[Collected data]
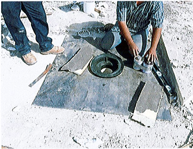
Install Metal Plate (2 of 4)
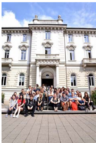
Group picture of the newly arrived students at USI main entrance.

This semester USI welcomed 36 newly arrived exchange students in Lugano Campus and 23 in Mendrisio Campus at the Academy of Architecture. They will be studying at USI during the Fall Semester or the whole academic year 2017/18: 43 of them come from our European partner universities in the frame of the SEMP programme, 11 of them are involved in the International exchange programme, 4 students come from Switzerland and 1 is a free-mover student. We wish all of them a pleasant and successful semester at USI!
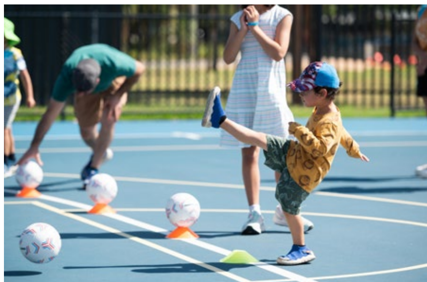
Noble Park Community Fun Day
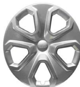
18" 5-spoke full face wheel covers with metal clips – Optional (65L)
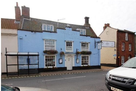
The Castle Inn, No.35 Earsham Street

beneath cambered arches. Possibly the public house known as the Butchers Arms listed in the 1909 town rates book. The rear section of the plot on which this building stands is within the scheduled area of the Castle complex.

■ **EXERCISE GOAL**
Wherever the string "Castle" appears in the entries above, return the line it appears on.

■ **EXERCISE ANSWER**
The Castle Inn, No.35 Earsham Street
beneath cambered arches. Possibly the public house known as the Butchers Arms listed in the 1909 town rates book. The rear section of the plot on which this building stands is within the scheduled area of the Castle complex.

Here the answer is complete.